Restate word for word only the lines from the one with "Decorate and paint" through the end of the records; no pictures belong in the copy.

DATA SECTION =
┌──
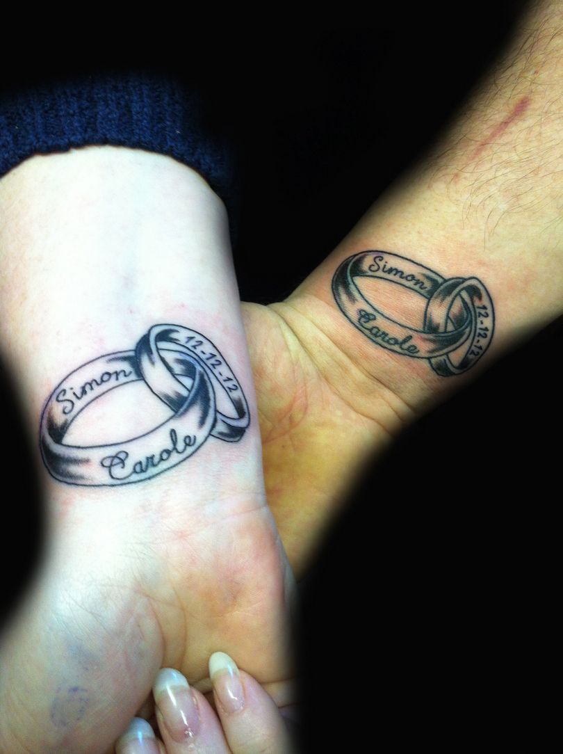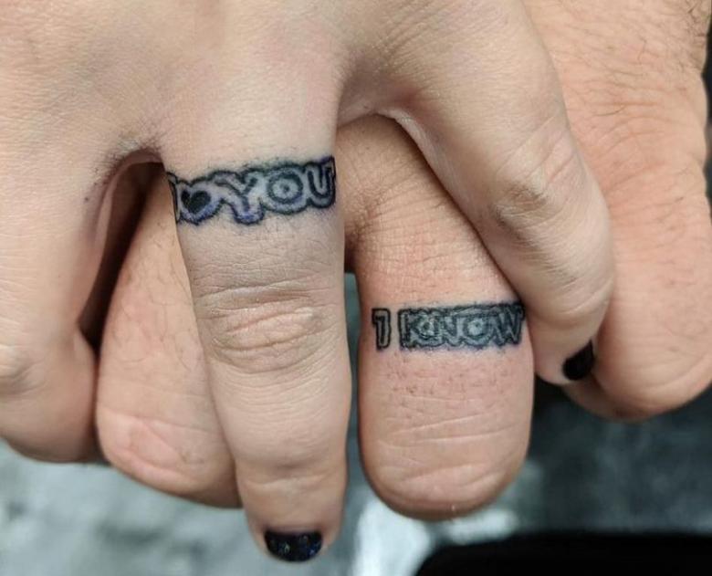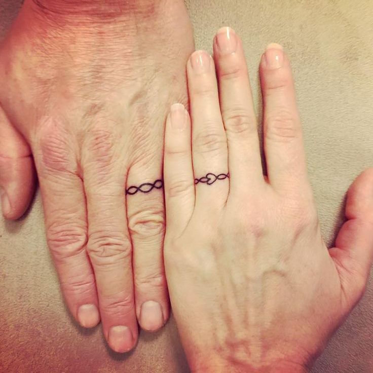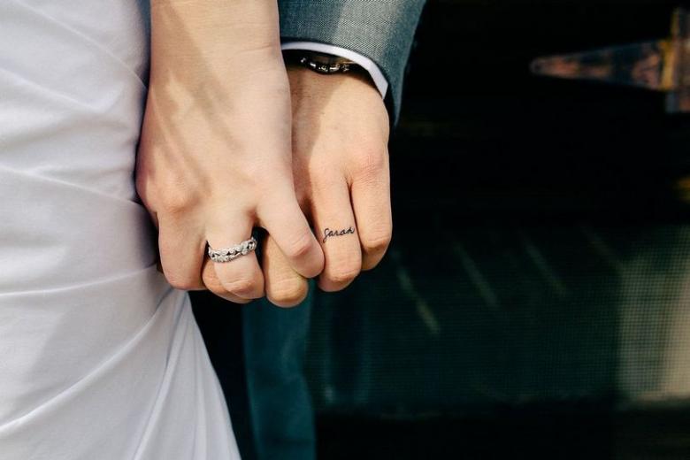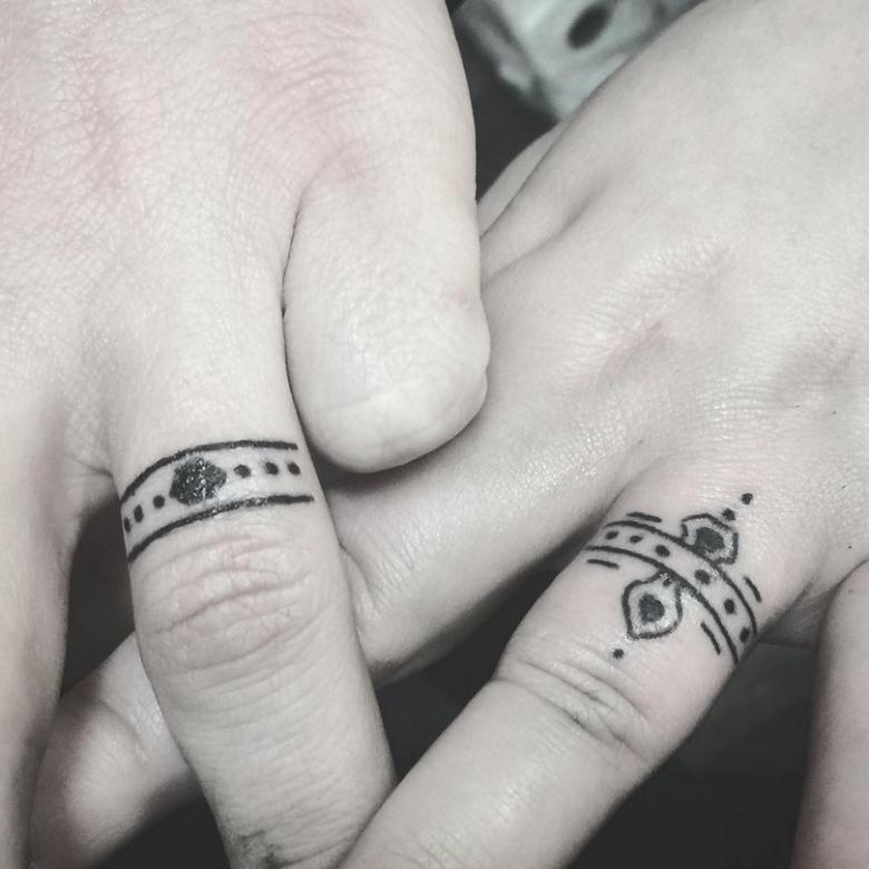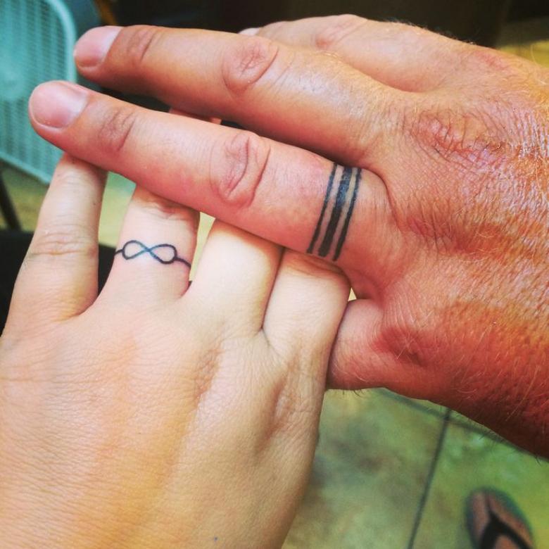 Pour les Indiens, un tatouage en forme d'anneau signifie la sagesse du monde. Dans la culture chrétienne, le lien entre le mariage et la spiritualité a été démontré de cette manière.
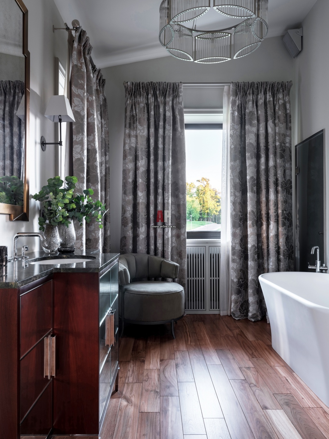 К хозяйской спальне примыкает ванная и гардеробная. Весь хозяйский блок предельно компактный, основную площадь второго этажа занимают детские помещения.
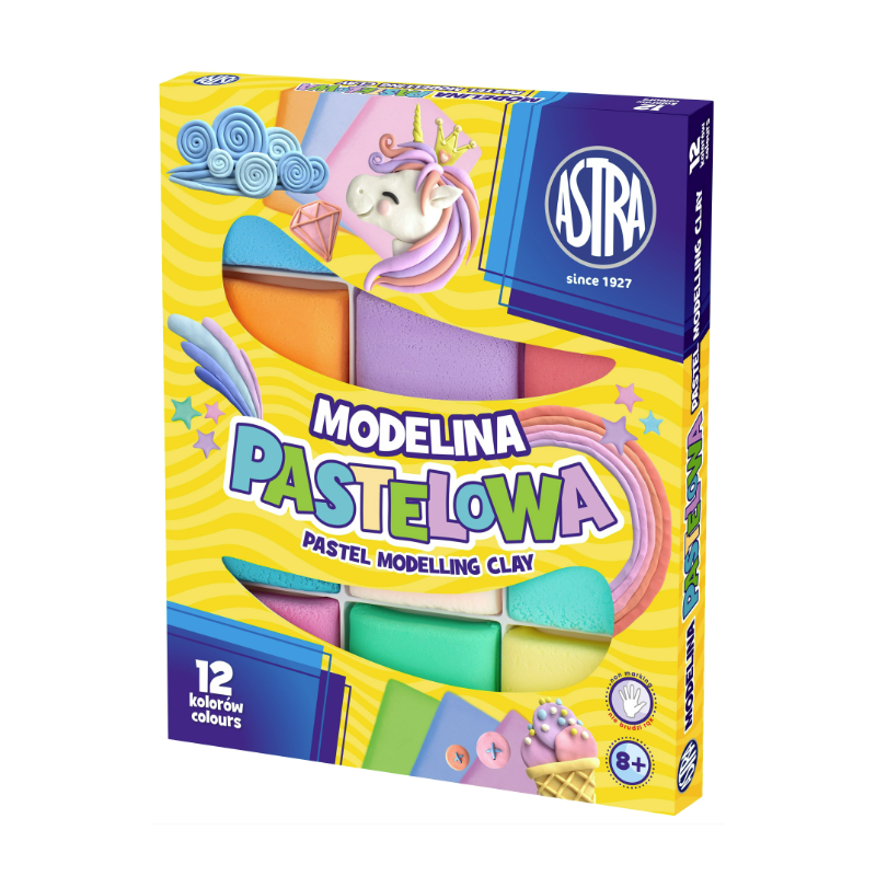 Modelina Pastelowa 12 kolorów Astra Modelina jest wysokiej jakości termoutwardzalnym tworzywem plastycznym. Doskonale nadaje się do tworzenia modeli oraz makiet. Z modeliny można także wyrabiać drobną galanterię: klipsy, broszki, breloczki. Modele można wykonywać ręcznie lub przez wyciskanie wzorów w formach. Twarda modelina mięknie pod wpływem ciepła dłoni. Modele należy utwardzać przez wygrzewanie w piekarniku w temperaturze 100–110°C w ciągu 15–20 minut. Gotowe modele posmarowane olejem roślinnym nabierają żywszych barw. -12 pastelowych kolorówSpecyfikacja
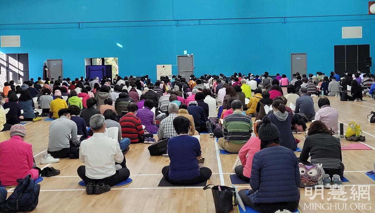 '图1:来自台湾中部五县市的部份法轮功学员,在彰南国民活动中心参加一日学法并交流、聆听学员的修炼心得。'
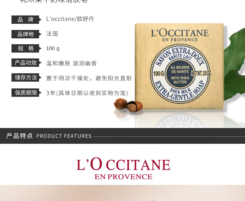 L'OCCITANE 欧舒丹 乳木果牛奶沐浴皂 100G 法国
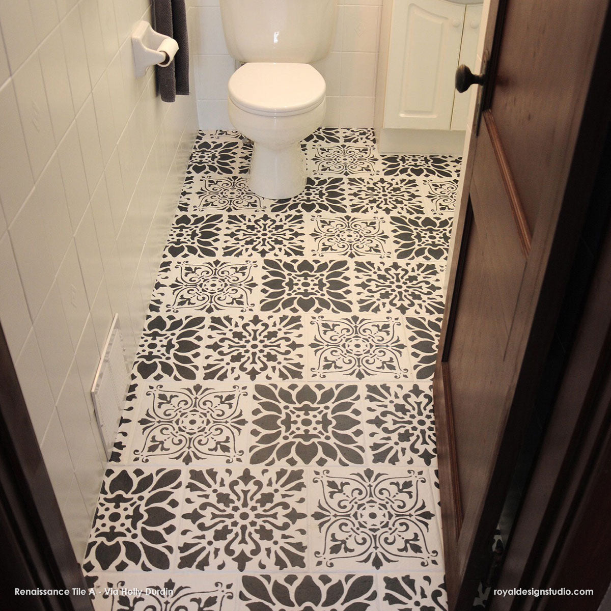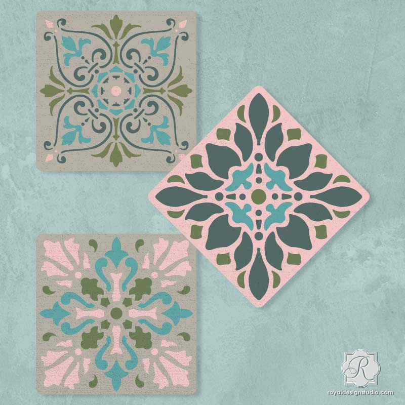 Decorate and paint a faux tile design or random wall art motifs with our Renaissance Tile Stencils Set A. These traditional European tile patterns coordinate with our Renaissance Tile Stencils Stencils Set B. Complete the classic tiled look on your floors or kitchen backsplash with these tile stencils and our Ceramic Tiles Trompe L'oeil Stencil.
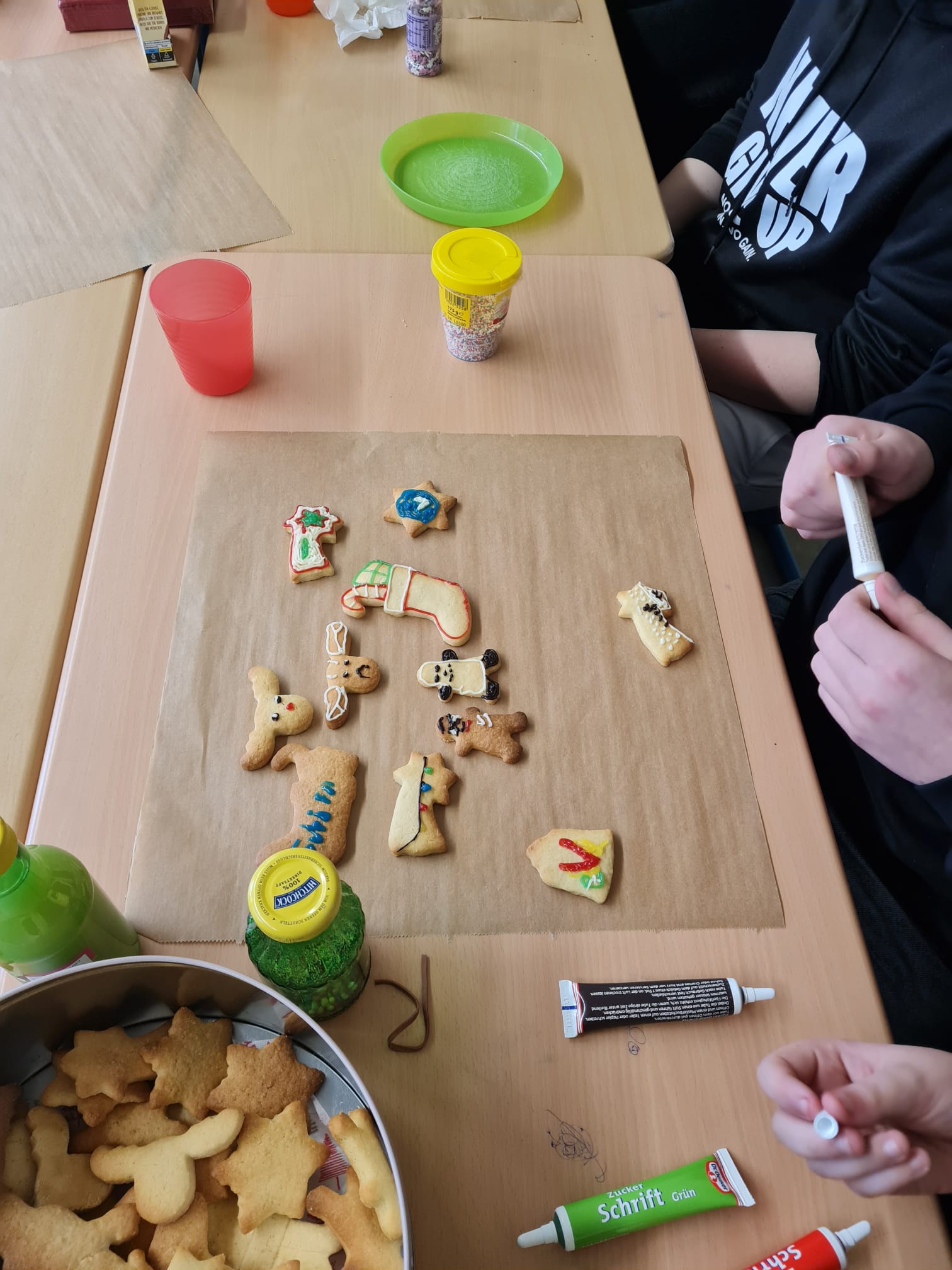 Heute hat die Klasse 7d ganz viel organisiert, um gemeinsam im Klassenverband Waffeln zu backen, Keks-Rohlinge mit Glasur und bunter Deko zu verzieren und tolle Öl-Fensterbilder zu basteln. Es war ein toller Tag, an dem alle Schülerinnen und Schüler ihre kreativen Arbeiten mit Stolz präsentiert haben.
└──
RESPONSE TO THE TASK =
 Decorate and paint a faux tile design or random wall art motifs with our Renaissance Tile Stencils Set A. These traditional European tile patterns coordinate with our Renaissance Tile Stencils Stencils Set B. Complete the classic tiled look on your floors or kitchen backsplash with these tile stencils and our Ceramic Tiles Trompe L'oeil Stencil.
 Heute hat die Klasse 7d ganz viel organisiert, um gemeinsam im Klassenverband Waffeln zu backen, Keks-Rohlinge mit Glasur und bunter Deko zu verzieren und tolle Öl-Fensterbilder zu basteln. Es war ein toller Tag, an dem alle Schülerinnen und Schüler ihre kreativen Arbeiten mit Stolz präsentiert haben.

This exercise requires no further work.